1. 概览

Document AI 是什么?
Document AI 是一个平台,可让您从文档中提取数据洞见。其核心是提供不断增长的文档处理器(也称为解析器或分屏器,具体取决于其功能)列表。
您可以通过以下两种方式管理 Document AI 处理器:
- 通过 Web 控制台手动执行;
- 使用 Document AI API 以编程方式。
以下示例屏幕截图显示了 Web 控制台和 Python 代码中的处理器列表:

在本实验中,您将重点学习如何使用 Python 客户端库以编程方式管理 Document AI 处理器。
您将看到的内容
- 如何设置环境
- 如何提取处理器类型
- 如何创建处理器
- 如何列出项目处理器
- 如何使用处理器
- 如何启用/停用处理器
- 如何管理处理器版本
- 如何删除处理器
所需条件
调查问卷
您将如何使用本教程?
您如何评价使用 Python 的体验?
您如何评价自己在 Google Cloud 服务方面的经验水平?
2. 设置和要求
自定进度的环境设置
- 登录 Google Cloud 控制台,然后创建一个新项目或重复使用现有项目。如果您还没有 Gmail 或 Google Workspace 账号,则必须创建一个。



- 项目名称是此项目参与者的显示名称。它是 Google API 尚未使用的字符串。您可以随时对其进行更新。
- 项目 ID 在所有 Google Cloud 项目中是唯一的,并且是不可变的(一经设置便无法更改)。Cloud 控制台会自动生成一个唯一字符串;通常情况下,您无需关注该字符串。在大多数 Codelab 中,您都需要引用项目 ID(通常用 PROJECT_ID标识)。如果您不喜欢生成的 ID,可以再随机生成一个 ID。或者,您也可以尝试自己的项目 ID,看看是否可用。完成此步骤后便无法更改该 ID,并且此 ID 在项目期间会一直保留。
- 此外,还有第三个值,即部分 API 使用的项目编号,供您参考。如需详细了解所有这三个值,请参阅文档。
- 接下来,您需要在 Cloud 控制台中启用结算功能,以便使用 Cloud 资源/API。运行此 Codelab 应该不会产生太多的费用(如果有的话)。若要关闭资源以避免产生超出本教程范围的结算费用,您可以删除自己创建的资源或删除项目。
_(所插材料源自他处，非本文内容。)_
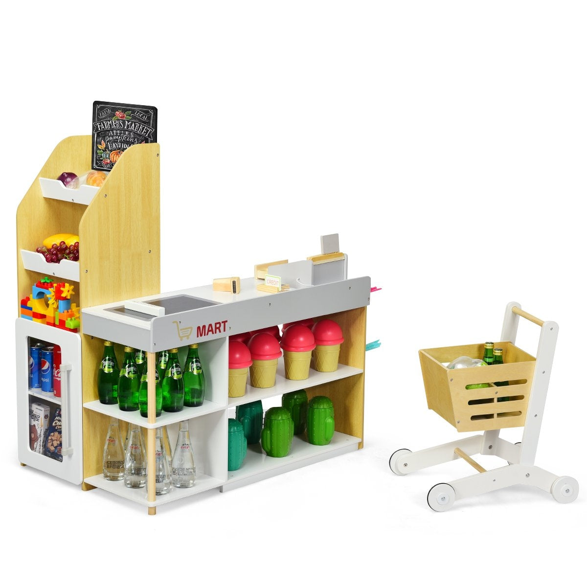 1x Carrito de compra, 1x Escáner, 1x Lector de tarjetas, 1x Tarjeta de crédito, 5x Monedas de madera
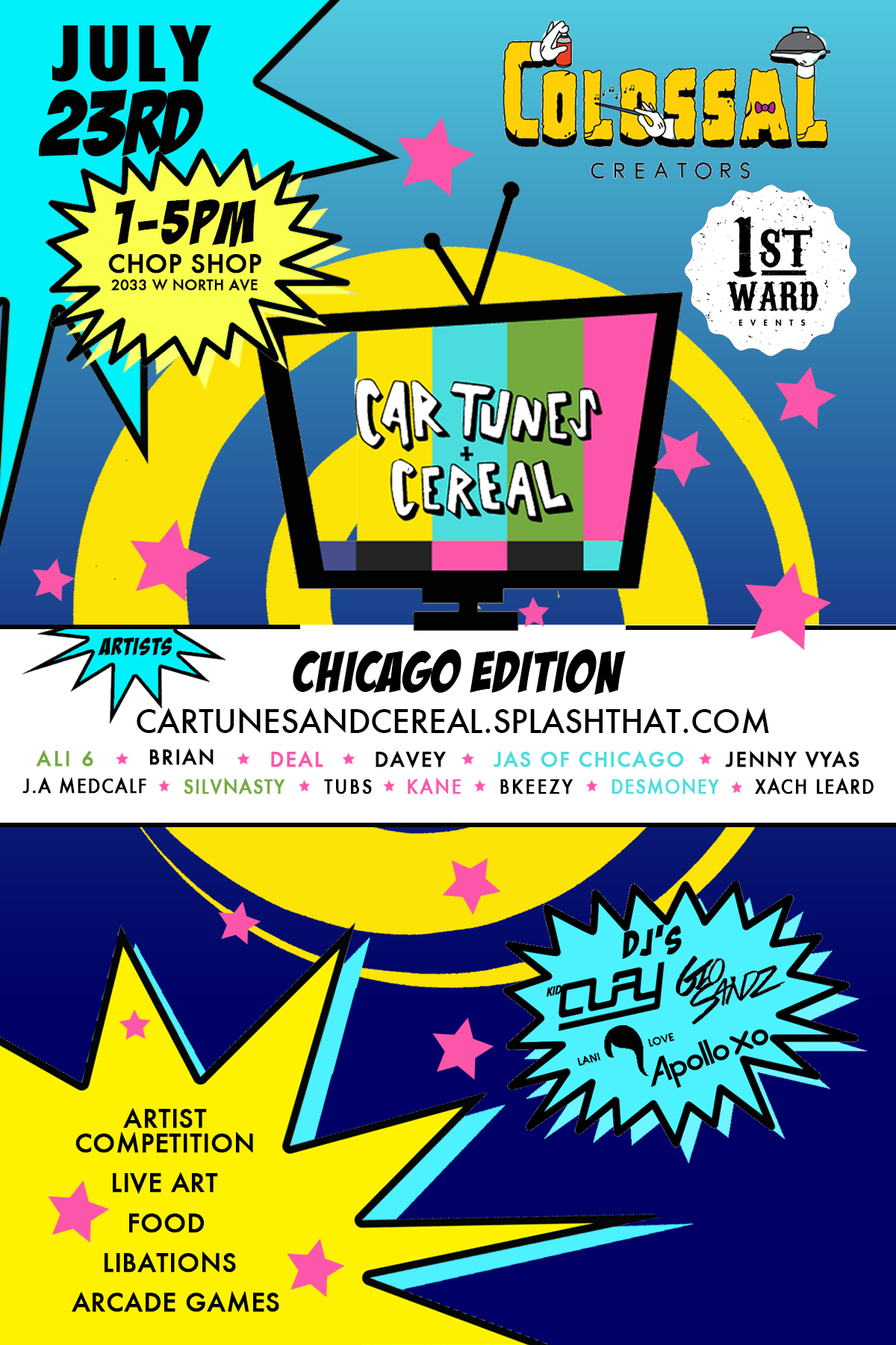 A creative showcase and day party combined, Colossal Creators is taking you back to the 90s with Car Tunes and Cereal. We’re travelling back in time to the Saturdays you wish you had as a kid, but could only experience as an adult. We've got 15 Chicago artists battling it out for a chance to have their cereal box design placed in stores, surrounded by:
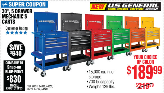 Harbor Freight Coupons - Harbor Freight Coupons Harbor Freight Coupons Updated: Friday 8/26/2022. U.S. GENERAL Series 2 30 In. 5 Drawer Mechanic's Cart for $229.99. ... At Harbor Freight Tools, the "Compare to" price means that the specified comparison, which is an item with the same or similar function, was advertised for sale at or above the "Compare to" price by another additional ...
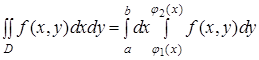 Обчислення подвійного інтеграла за формулою (6) як границі інтегральної суми, так само як і у випадку визначеного інтеграла, пов'язане із значними труднощами. Щоб уникнути їх, обчислення подвійного інтеграла зводять до обчислення так званого повторного інтеграла - двох звичайних визначених інтегралів.
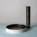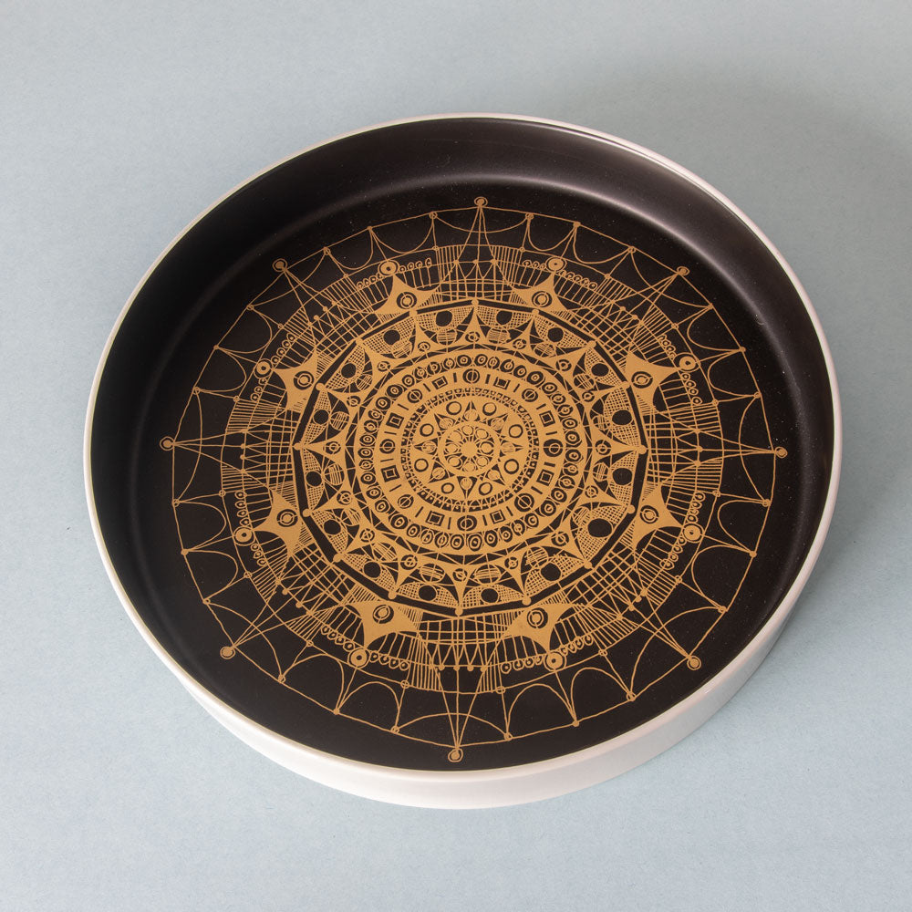 Porcelain bowl with glossy white glaze to exterior, matte black and gold decoration to interior, 1960s.
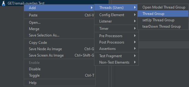 - 좌측 테스트 플랜 → 마우스 우 클릭 → Add → Thread(Users) → Thread Group
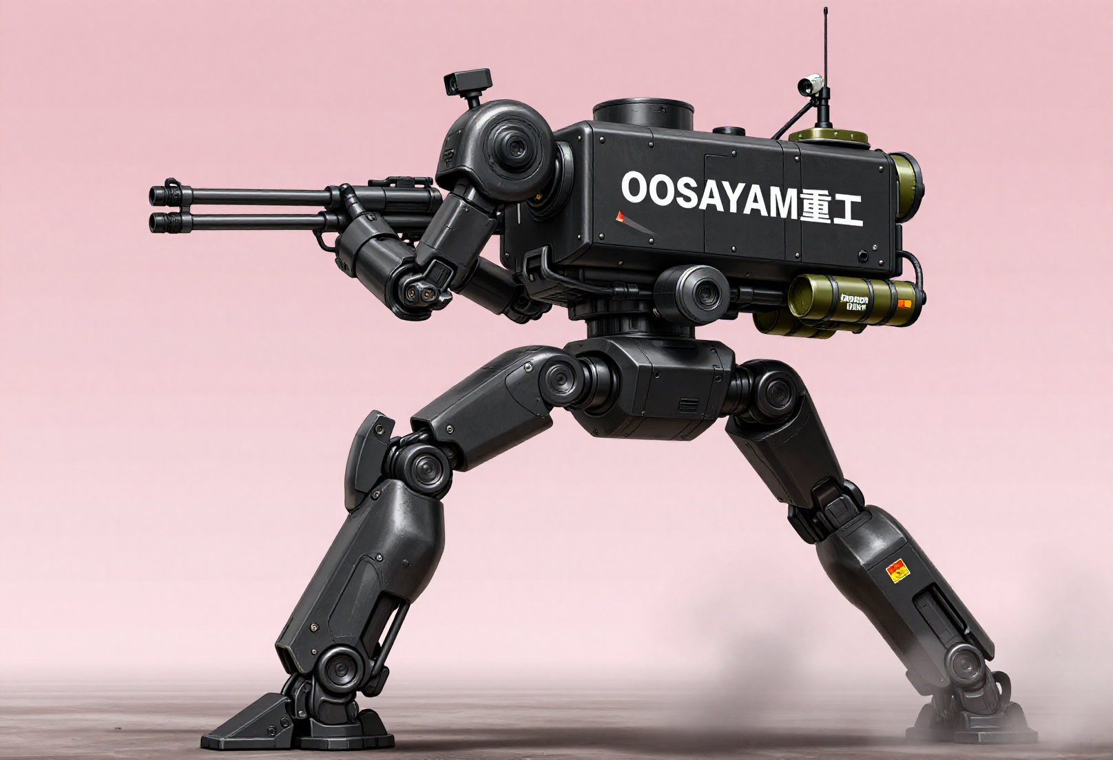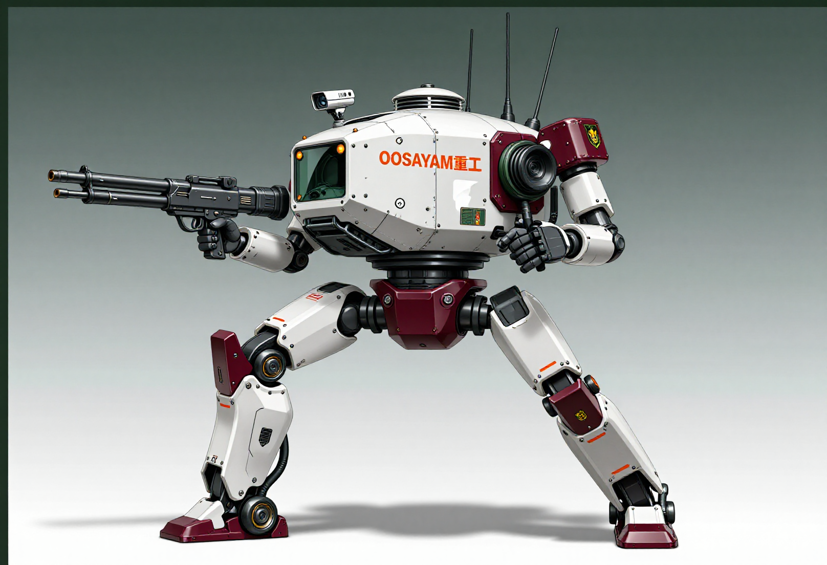 {1-2$$ machine_gun, |missile pod| rocket_launcher, | gatling_gun, | Turret }{1-2$$ radio_antenna, | Surveillance camera | Crash barrier | Rivet | Maintenance cover | Power hose | Hydraulic lever | Military badge } dynamic pose, fighting stance, dutch angle Warning sign, White markings
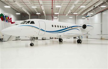 Paint completed by Dassault Little Rock Overall Matterhorn White with Blue and Gold Accent Stripes |
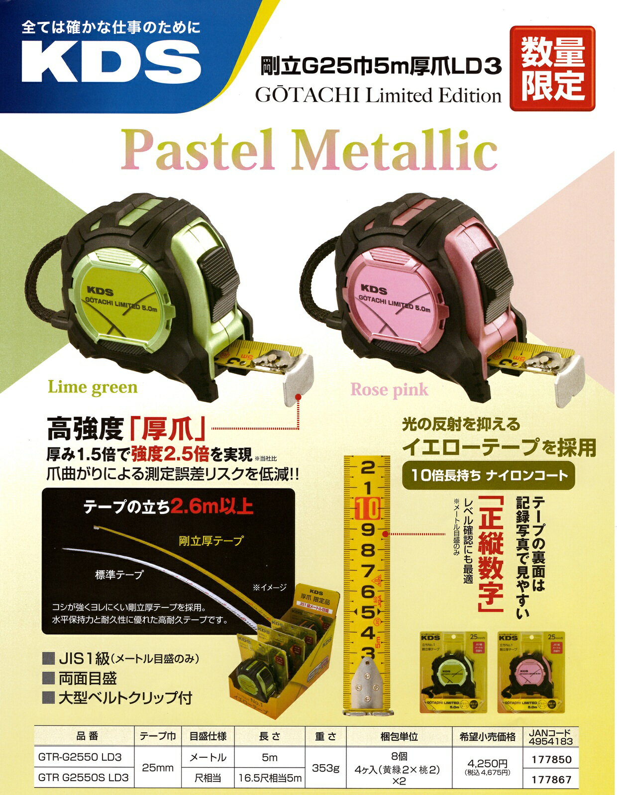■通常テープより測定距離が伸びる剛性力1.5倍のストロングテープ採用しています。(当社比)■弾性樹脂で全身をガードしています。■落下時の衝撃から爪を守るフックガードバンパー■0点補正移動爪■ショックアブソーバー付【用途】・長さ測定用。【仕様】・テープ長さ(m): 5・テープ幅(mm): 25・水平保持(m): 2.6・ヨンゴーゴーピッチ表示: あり・色: 黒・両面目盛・大型ベルトクリップ付・ストラップ付※本商品が対象となるクーポンは、その期間終了後、同一内容でのクーポンが継続発行される場合がございます。

Google Cloud 新用户符合参与 300 美元免费试用计划的条件。
启动 Cloud Shell
虽然可以通过笔记本电脑对 Google Cloud 进行远程操作,但在此实验中,您将使用 Cloud Shell,这是一个在云端运行的命令行环境。
激活 Cloud Shell
- 在 Cloud Console 中,点击激活 Cloud Shell 。 。

如果这是您首次启动 Cloud Shell,系统会显示一个中间屏幕,介绍 Cloud Shell 是什么。如果系统显示中间屏幕,请点击继续。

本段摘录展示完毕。